Vol. 9, Issue 1, Part A (2025)
Factors that predict abscess formation during conservative management of appendicular mass in children in Baghdad Medical City
Fatima Adel Omer and Kawthar F Al-Bayati
Background: Acute appendicitis is the most common surgical emergency in children, with appendicular mass being a common complication in improperly treated cases.
Aim: This study aimed to identify factors contributing to abscess formation during the conservative management of appendicular mass.
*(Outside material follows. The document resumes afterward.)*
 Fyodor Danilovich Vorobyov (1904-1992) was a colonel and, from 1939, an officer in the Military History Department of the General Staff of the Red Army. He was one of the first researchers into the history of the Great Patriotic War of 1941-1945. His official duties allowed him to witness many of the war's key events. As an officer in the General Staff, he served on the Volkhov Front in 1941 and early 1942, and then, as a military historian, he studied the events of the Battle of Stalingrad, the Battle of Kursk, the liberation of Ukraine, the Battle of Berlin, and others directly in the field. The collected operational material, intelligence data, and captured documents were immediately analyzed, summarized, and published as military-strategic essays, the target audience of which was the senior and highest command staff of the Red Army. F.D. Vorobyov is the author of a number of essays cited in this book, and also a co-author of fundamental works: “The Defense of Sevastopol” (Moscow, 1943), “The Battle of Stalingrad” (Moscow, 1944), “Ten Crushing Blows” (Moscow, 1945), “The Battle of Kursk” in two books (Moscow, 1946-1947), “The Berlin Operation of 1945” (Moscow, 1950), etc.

Methods: A prospective study was conducted on 55 children younger than 14 years with appendicular mass managed at Baghdad Children Welfare Hospital. Clinical factors including age, gender, symptom duration, nausea/vomiting, diarrhea, fever, mass size, appendicolith presence on ultrasonography, CRP titer, total WBC count, bandemia, and antibiotic regimen were evaluated. Patients who developed abscesses were treated surgically or medically.
Results: The mean age of patients was 8.94±2.86 years, with males comprising 60%. Abdominal pain duration averaged 3.64±1.6 days. Nausea/vomiting occurred in 87.27%, diarrhea in 18.18%, and fever in 12.73% of cases. Elevated CRP levels (mean: 68.53±62.34 mg/dl) and leukocytosis (76.36%) were noted. Appendicolith was present in 10.91%, and the mean mass size was 18.69±14.94 cm². Antibiotic regimens primarily included vancomycin, amikacin, and metronidazole (63.64%). Abscess formation occurred in 23.64% of patients, with 46.15% of these requiring surgical intervention for abscesses >50 ml.
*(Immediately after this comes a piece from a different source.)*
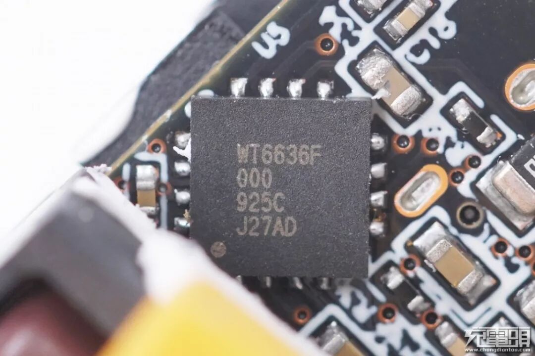 USB PD协议芯片采用Weltrend伟诠WT6636F。充电头网了解到,伟诠WT6636F是一颗通过USB-IF协会USB PD3.0(PPS)认证的协议芯片(TID号:1080018),此前该芯片已经被联想thinkplus USB PD充电器采用。

Conclusion: Factors predictive of abscess formation include fever, diarrhea, WBC count >15×10³/ml, bandemia > 10%, CRP > 70 mg/dl, appendicolith presence, and mass size >20 cm². Effective antibiotic regimens targeting gram-negative and anaerobic organisms are crucial. Drainage decisions depend on clinical status and abscess size, with interventions required for abscesses >50 ml. Early identification of risk factors can guide therapeutic adjustments to prevent complications.